Officials with the Baltimore County Licensed Beverage Association say they plan to appeal a decision awarding six liquor licenses at one transit-oriented development project, the Metro Centre at Owings Mills.
Jack Milani, chairman of the association’s legislative committee, said the decision Monday by the Baltimore County Board of Liquor License Commissioners violates a 2006 change to state law intended to cap liquor licenses at transit-oriented developments.
Milani said the law was intended to cap the total number of new licenses for the massive Owings Mills development at five. But attorneys for the developer, David S. Brown Enterprises Ltd., said a county zoning official last year determined that the cap applied separately to each of the developer’s two mixed-use projects at the site, for a maximum of 10.
“We have no problem with five,” said Milani, of the Beverage Association, which represents existing license holders. “We negotiated five but now it’s turned into 10.”
Add in three more licenses that could be transferred from the southeast area of the county, and “now we’re talking about as many as 13,” Milani said.
Six sought, granted
Liquor licenses in the county are created based on population in each election district.

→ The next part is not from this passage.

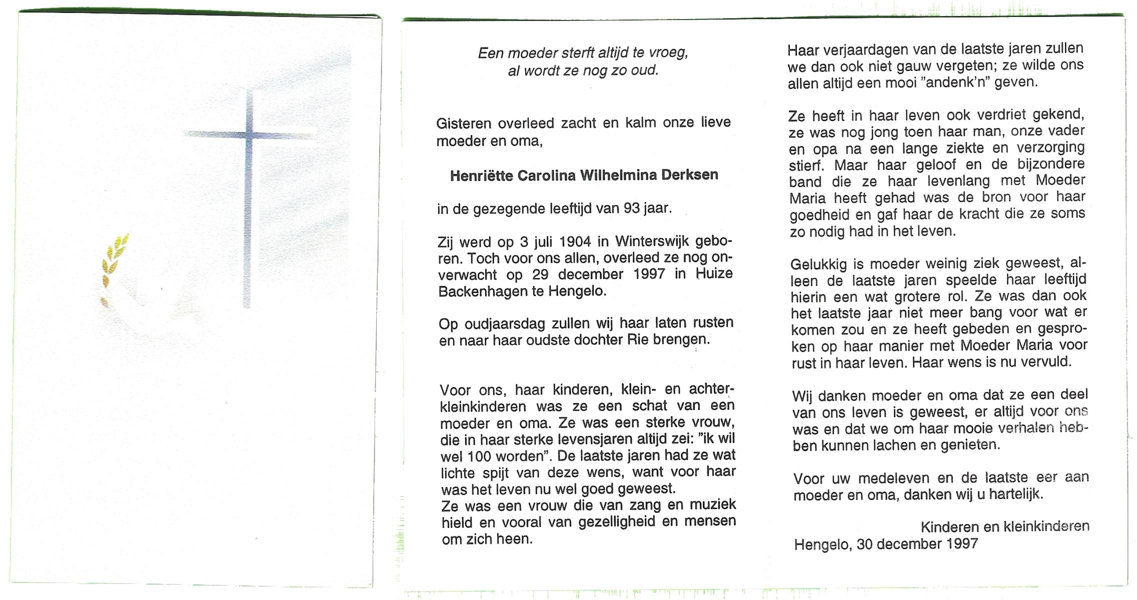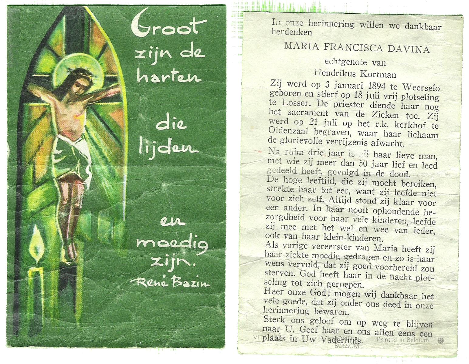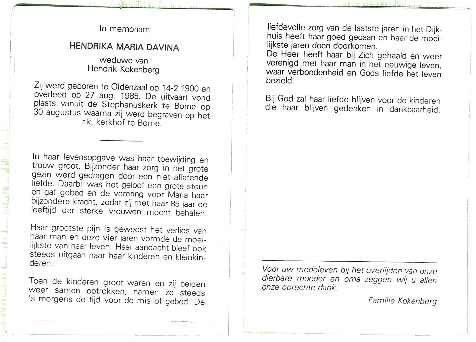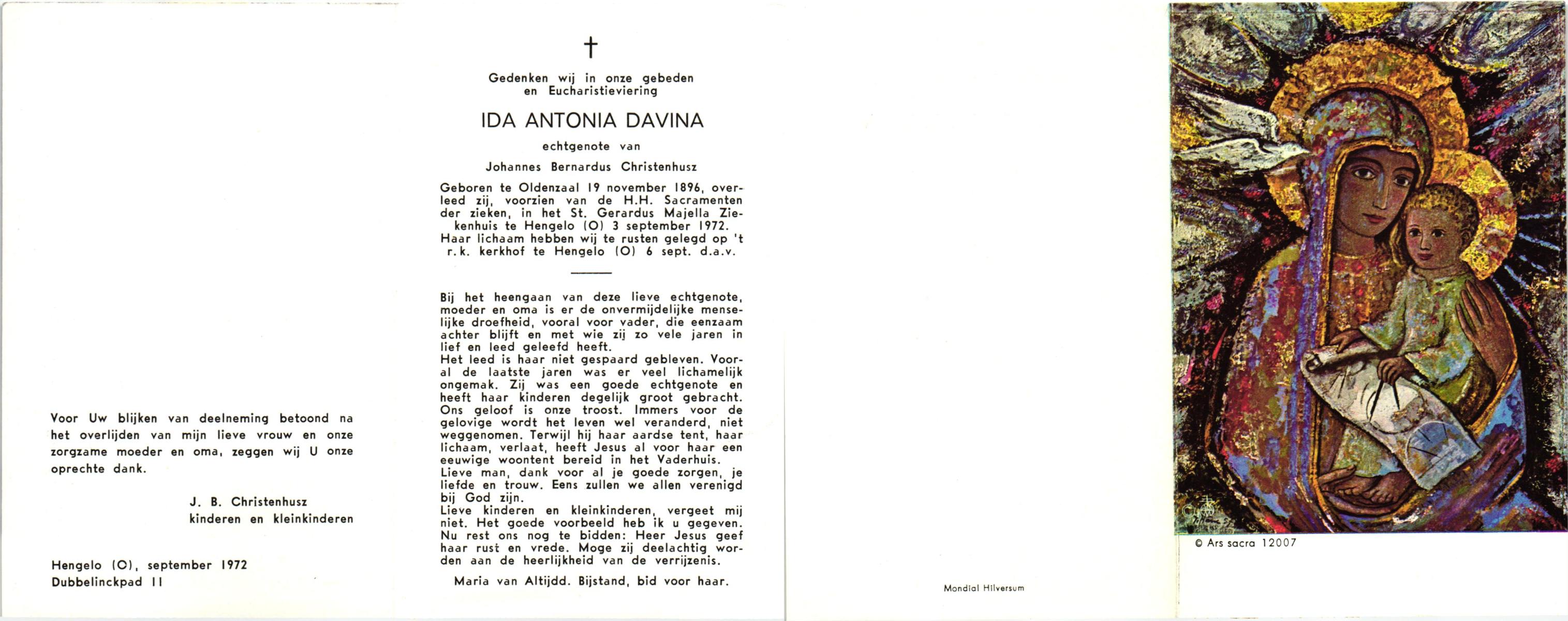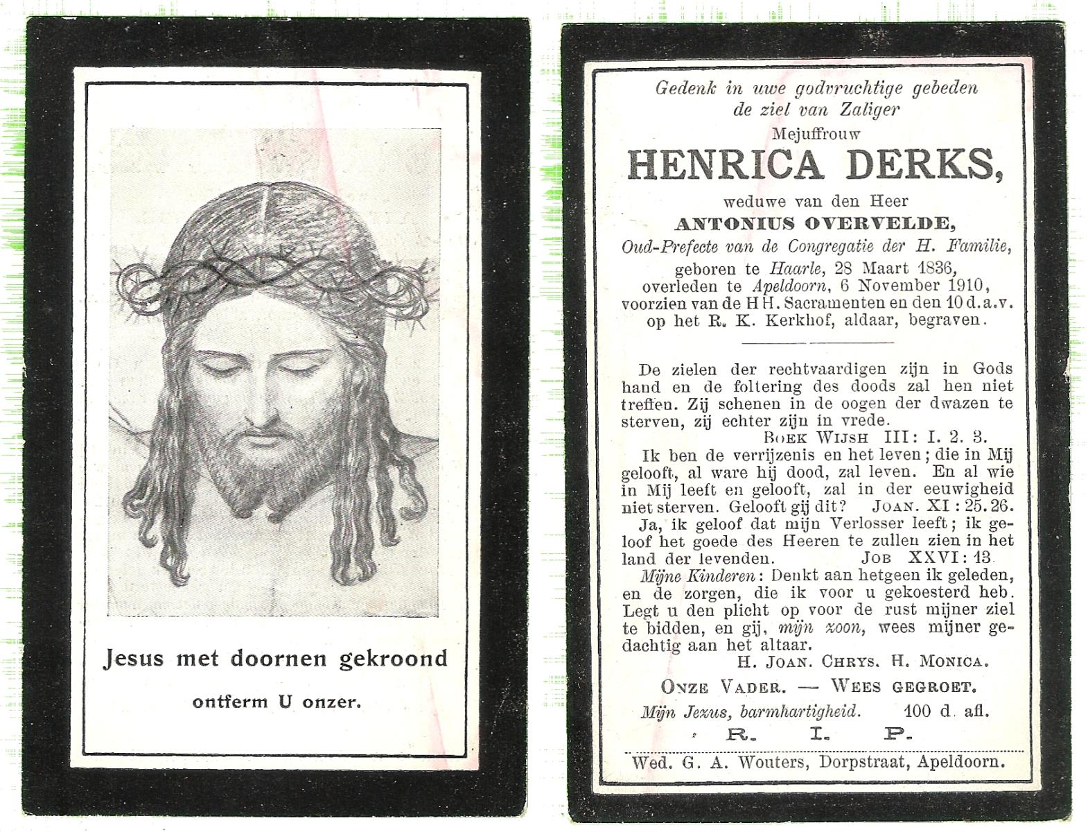 DISSEL, Maria Henrica, geboren op 22-10-1889 te Haaksbergen, overleden op 20-5-1972 te Denekamp op 82-jarige leeftijd, begraven op 24-5-1972 te Denekamp.

The beverage association fiercely tracks the creation or transfer of licenses, which have a financial value that varies from one area of the county to another.
In areas where the maximum number of licenses has been reached, such as Towson and Timonium, the sales price can start at $220,000. The cost of purchasing a license in the Middle River-Essex area, where there are more licenses than the present population would otherwise allow, can be as little as $56,000.
The liquor board had already awarded the Metro Centre project two liquor licenses. On Monday, the board considered the developer’s request for six more — three per mixed-use project, identified as DSB 1 and DSB 2.
Christopher D. Mudd, an attorney at Venable LLP representing the developer, said the request conformed with the county zoning law.
“The two mixed-use projects are within one transit-oriented development,” Mudd said “We have enough square footage. We are proposing five licenses within each mixed-use development and each mixed-used development is within one transit-oriented development.”
The project calls for 1.2 million square-feet of office space along with another 300,000 square-feet of retail space. There will also be 1,700 residential units and a 250-room hotel.
Baltimore County has built a new library branch at the facility and added satellite classrooms for the Community College of Baltimore County.
Mudd said the project is conceived as a “24-hour live, work, play community.”
David F. Mister, an attorney representing the Metro Centre project, told the board that Milani’s argument goes at most to the intent of the law — something the board was not obligated to consider in this instance because the law was unambiguous.
“The express language of the law does not prohibit this,” Mister said. “Everything could be drafted differently but we’re stuck with what’s there.”
In the end, the three-member board sided with the developer and awarded three beer, wine and liquor licenses to each of the two mixed-use developments.
Milani said having the board essentially decide the issue based on a zoning issue that did not have a public vetting could lead to an appeal.